A massive new US embassy complex in Lebanon is causing controversy for its sheer size and opulence in a country where nearly 80% of the population is under the poverty line.
Located some 13 kilometers (about 8 miles) from the center of Beirut and built on the site of the current embassy, the US’ new compound in Lebanon looks like a city of its own.
Sprawling over a 43-acre site, the complex in the Beirut suburb of Awkar is almost two-and-a-half times the size of the land the White House sits on and more than 21 soccer fields.
Many Lebanese on Twitter questioned why the US needs such a large embassy in their capital. Lebanon is smaller than Connecticut and has a population of just six million. Few American tourists go to the country as the State Department has placed it on the third highest travel advisory level, but it does have a sizeable population of Lebanese American residents.
“Did the US move to Lebanon??” tweeted Sandy, a social media activist.
“Maybe you’ll have enough room to work on all those pending visa applications,” tweeted Abed A. Ayoub, national executive director of the American-Arab Anti-Discrimination Committee, responding to the grandiosity of the new complex.
Computer-generated images published by the embassy show an ultra-modern compound, hosting multi-story buildings with high glass windows, recreational areas, and a swimming pool surrounded by greenery and views of the Lebanese capital.
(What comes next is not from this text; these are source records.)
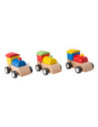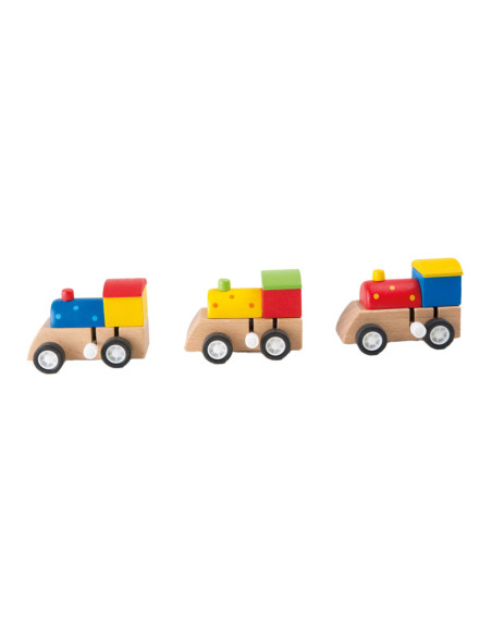 Kleurrijk geverfde treinen voor super opwindplezier! De treinen zijn gemaakt van felgekleurd, FSC® 100% -gecertificeerd hout met kunststof banden. Als het wiel wordt gedraaid, tuffen ze rond zonder enige rook.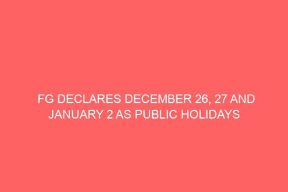 FG DECLARES DECEMBER 26, 27 AND JANUARY 2 AS PUBLIC HOLIDAYS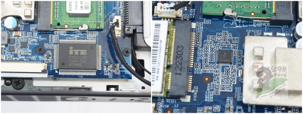 RAM BANK *4 、m-SATA介面 、iTE iT8772E、REALTEK ALC892 , 比較容易看到的晶片拍給大家看。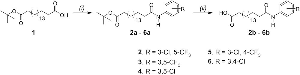 Ученые задались целью создать мягкий разобщитель, который бы слабо снижал протонный градиент и не нарушал синтез АТФ. Руководствуясь тем, что жирные кислоты с арилмочевинными заместителями обладают выраженными разобщающими свойствами (однако также токсичны для клеток), они синтезировали их структурные аналоги — ариламидные жирные кислоты. Всего было получено пять структур — три 3,5-замещенных, обозначенных как 2b, 3b и 4b, и две 3,4-замещенных, обозначенных как 5b и 6b.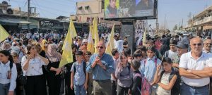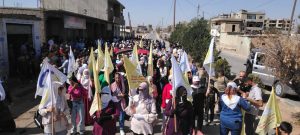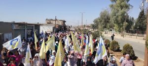 Gelê bajarê Dirbêsiyê, gundên derdora wê û bajarokê Çil Axa îro xwepêşandanek girseyî ji bo piştgiriya gelê taxên Şêx Meqsûd û Eşrefiyê yên li Helebê lidarxistin.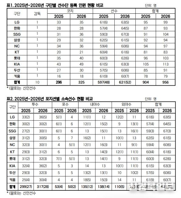 [ 신경북일보 ] KBO는 2월 10일(화) 2026년 KBO 리그 소속 선수 명단을 공시했다. 10개 구단은 총 621명의 선수를 등록해, 597명이 등록했던 2025년보다 24명이 늘어났다.
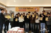 태산뉴스 김준수 기자 | 의왕시청소년재단 산하 의왕시청소년수련관에서 운영하는 청소년기자단 ‘헤르메스’가 12월 21일, 한 해 동안 작성한 기사를 담은 도서 '우리의 의견은 이렇습니다'의 출판 기념 행사를 성황리에 마무리했다. 관내 한 카페에서 진행된 이번 출판 기념회는 한 해 동안 기자단이 취재하고 집필한 기사들을 한 권의 책으로 엮어 출판한 것을 축하하며, 청소년기자단의 성장을 격려하는 자리로 마련됐다. 행사는 의왕시청소년재단 전영남 대표이사의 축사를 시작으로, ▲기자단 연간 활동 발표 ▲출판본 수여식 ▲케이크 컷팅식 ▲기자단 소감 발표 ▲기념 촬영 순으로 진행됐다. 현장에는 청소년기자단의 담당 지도자와 의왕시청소년재단 산하 기관 기관장 등이 참석해 청소년들의 노력과 성과를 축하했다. 청소년기자단 ‘헤르메스’는 올해 지역의 다양한 이슈와 청소년의 시각을 담은 기사를 기획·취재하며, ‘청소년이 지역사회의 주체로서 참여할 수 있다’는 메시지를 전했다. 이번 출판 도서는 이러한 활동의 결실로, 지역 내 학교와 공공기관 등에 배포돼 더 많은 청소년과 지역주민이 함께 읽고 공감할 수 있도록 할 예정이다.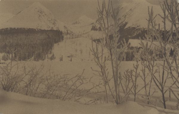 Zimowy widok znad Szczyrbskiego Jeziora na Solisko, Szczyrbski Szczyt i Skrajn± Basztę. W ¶rodku zdjęcia stara skocznia narciarska.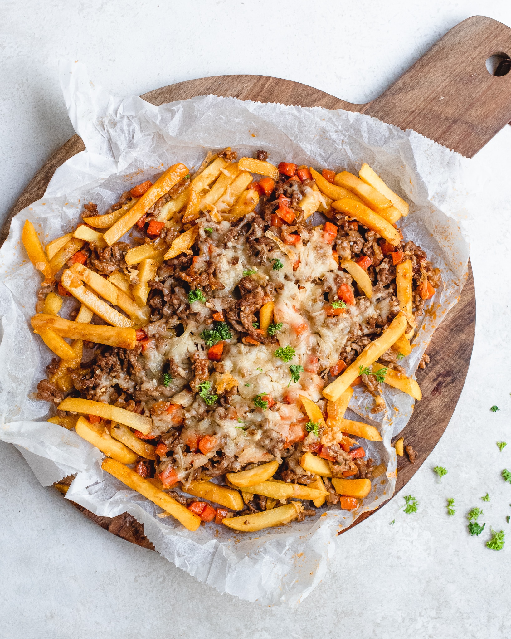 Na een lange dag waarin je tig keer natgeregend bent op de fiets, is er niets beter dan comfort food! Maak je geen zorgen, deze mega lekkere Shepherd’s pie loaded fries zijn in een handomdraai klaar – binnen 15 minuten geniet je al van je warme maaltijd!

The compound includes a chancery, representational and staff housing, facilities for the community and associated support facilities, according to the project’s website.
From the pandemic to the 2020 Beirut blast, Lebanon has been assailed by a number of crises that have left its economy in ruins. Many Lebanese are unable to afford basic commodities, including food, medicine and electricity.
“Let them eat concrete,” another user tweeted.
Plans for the embassy complex were announced in 2015 and it is reported to have cost $1 billion.
Its construction is overseen by the Bureau of Overseas Buildings Operations (OBO), which supervised the building of a number of other US embassies around the world.
The US has had a turbulent history with Lebanon. It is the home of Iran-backed Hezbollah, the most powerful group in the country, but has nonetheless enjoyed friendly relations with the US.
Last month marked 40 years since the 1983 bombing of the American embassy in Beirut, which killed 63 people, including 52 Lebanese and embassy employees. In October that year, a bomb struck barracks in Beirut housing American and French peacekeepers, killing 299 people.